The Communities Cooperative, which includes Monroe and Brodhead chambers of commerce, is an independent, non-profit corporation run by a board of directors elected from the participating communities. The group formed to provide its members with an alternative to their existing health insurance plans.

With increasing rates, health insurance has been a major concern for local businesses in southern Wisconsin, said Pam Christopher, executive director for Monroe Chamber of Commerce.

"Our members are very interested," she said. "Since coming to Monroe in October - and they had been working on this a long time before I came - I have had members telling me to keep them apprised."

Small business insurance cooperatives, like HCC, became possible when Wisconsin passed a landmark law, Wisconsin Act 231 in 2005, that became effective March 29, 2006. The act allows cooperatives to bargain for adequate, cost-effective health insurance for agricultural producers and small businesses.

According to Christopher, one of the changes provided in the state law allows businesses with one employee, including the self-employed owner, to access health care insurance at a lower rate through a cooperative.

"A lot of entrepreneurs are start-ups businesses and well into business for years as a the only employee," she said.

Such cooperatives are forming, even as Congress discuss a universal health care system.

Whether the federal plan will better benefit participants of the HCC plan, "depends on when the federal program rolls out," Christopher said. "Businesses can't wait."

Healthy Communities Board of Directors member Jim Nelson, Fort Atkinson, said Tuesday the cooperative has been working for more than a year to figure out the opportunities, and put together a partnership with an insurance company.

"Things started to come together in the last nine months," Nelson said.

Because HCC is a chamber-based organization, participants in its insurance program must be a member of a chambers of commerce that endorses HCC. Participating chambers of commerce include, Beloit, Brodhead, Delavan, East Troy, Evansville, Fort Atkinson, Jefferson, Milton, Monroe and Whitewater.

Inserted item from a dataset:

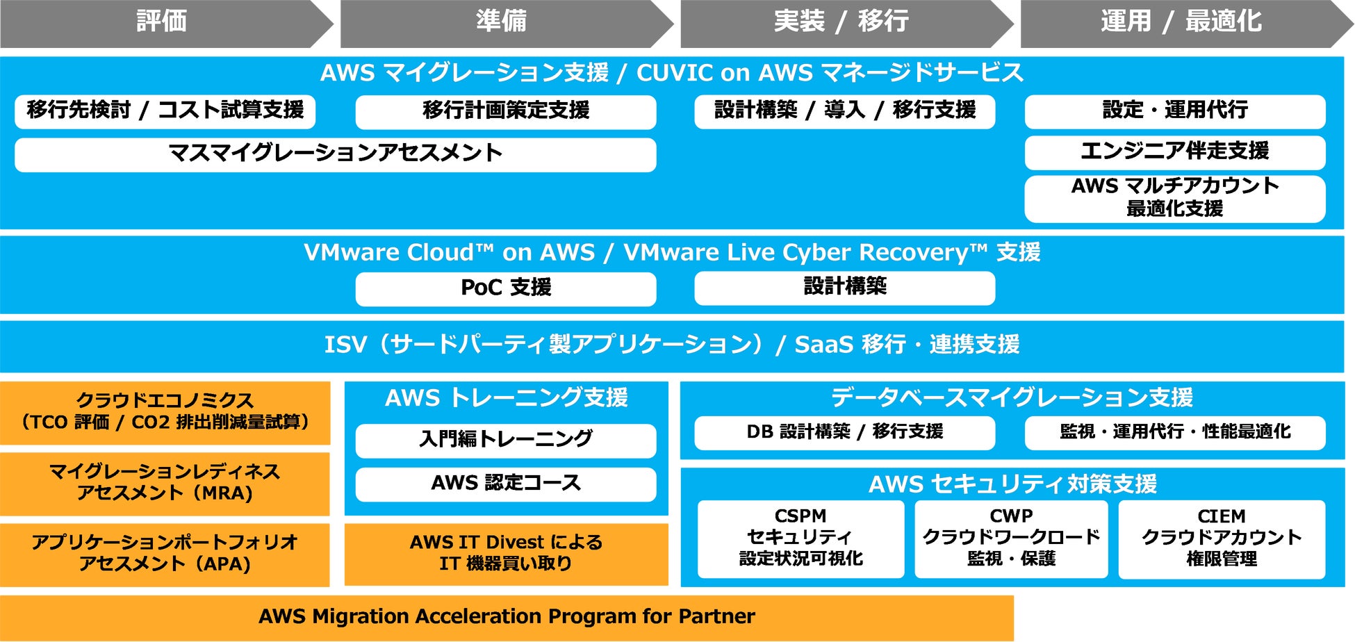 CTCは、2011年からAWS移行の方針・計画の策定、実行、運用までの一貫した支援を行っています。今回CTCはAWSジャパンが提供するTCOやCO2排出量の削減効果を試算する「クラウドエコノミクス」、クラウド移行の準備状況の現状分析と推奨アクションを提案する「マイグレーションレディネスアセスメント(MRA)」、移行対象システムを分析し、システム特性に応じた戦略的なクラウド移行パターンの推奨を行う「アプリケーションポートフォリオアセスメント(APA)」を活用して、企業の大規模なクラウド移行やハイブリッド環境への移行の支援サービスを強化しました。ITX for MCP CTC OneCUVIC Mass Migrationは、大規模なクラウド移行における運用統合管理サービスや適切な権限管理とガイドラインの策定を行い、移行後のセキュリティとガバナンスの強化を含めトータルでサポートします。

Any business, small or large, is eligible to participate, even sole proprietors, including agricultural producers.

According to the U.S. Small Business Administration, insurers of small health plans have higher administrative expenses than those insuring larger group plans, and employees at small companies are less likely to have coverage than employees at larger companies.

"We need to have in excess of 1000 participants to make the pool work best, for a rate that would make sense and be a big enough risk pool - 1,000 seemed to be the magical number," Nelson said.

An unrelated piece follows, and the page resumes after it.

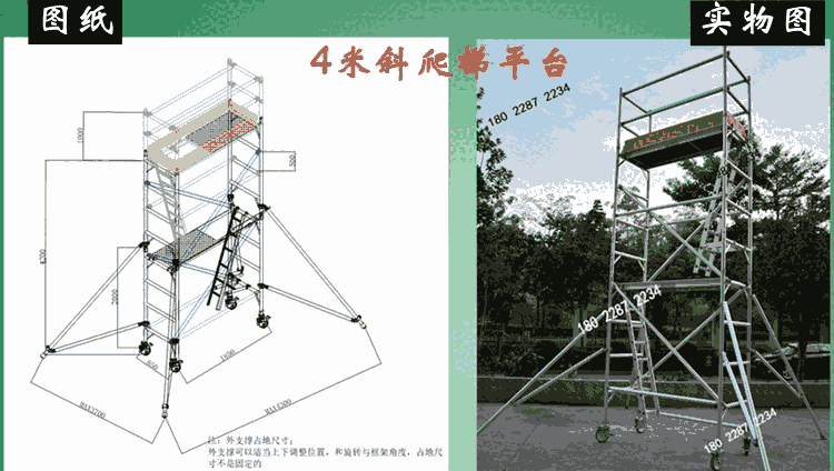 移动式铝合金组合脚手架是新型高空作业平台,设计合理,工艺独特,以其牢固、便捷、高效的显著特点,维修行业得到广泛应用,有重量轻,搭建拆卸简单快捷,结构稳固、移动方便、耐锈蚀等突出特点。

Monroe's Chamber of Commerce has over 200 people, while Brodhead's Chamber has 74 members, according to its chamber's spokeswoman Nancy Southerland.

The health and wellness plans provided by WPS will give even small businesses preferred insurance rates and wellness programs not available in the traditional market, according to HCC Board president Jacki Seversen of Schwartz & Shea Insurance, Inc. in Janesville.

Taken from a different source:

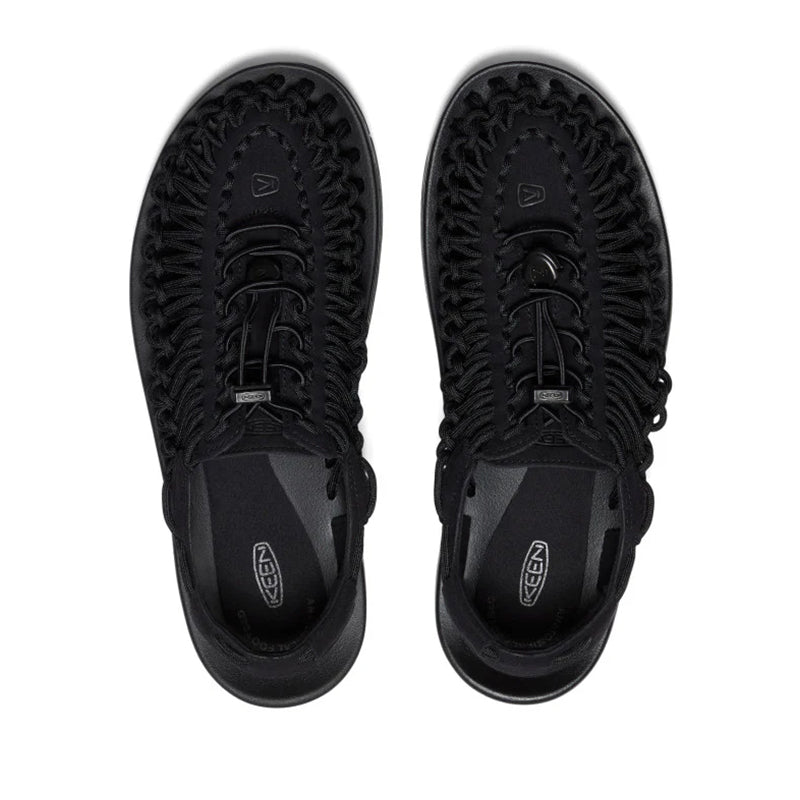 Keen Uneek "Black" shoes are revolutionary footwear that stands out for its innovative design and unrivaled comfort. Their upper part is made of a durable synthetic lace with quick-drying properties, which makes them an ideal choice for various activities. Unrivaled fit and comfort are ensured thanks to the anatomical PU foam insert, which emphasizes wearing comfort. The polyurethane sole guarantees excellent cushioning and stability at every step, allowing you to move freely in various terrain conditions. Additionally, the neoprene finish around the heel has a stabilizing effect, ensuring confident movement even on uneven surfaces.

The wellness program WPS provides, could help address one of the primary principles of the cooperative, to help employees identify risk factors and health issues, and to educate and help motivate individuals to make healthier choices.

The wellness component was one of the critical items of the WPS program, one that many of Monroe's chamber members were interested in having.

"If they can keep their employees healthier, it keep the rates down," Christopher said.

Starting in August, chambers of commerce and insurance agents in individual communities will be educated on the new health insurance and application process, and going over the different plan options available to members.

Nelson said the cooperative will start taking applications in October, and end acceptance in December, once the rates have been secured and it is clear what the price of benefits are.

Regional health fairs will conduct health risk assessments and provide resources for engaging employees in wellness. The Healthy Communities Cooperative targeted January 1, 2010, as the coverage effective date.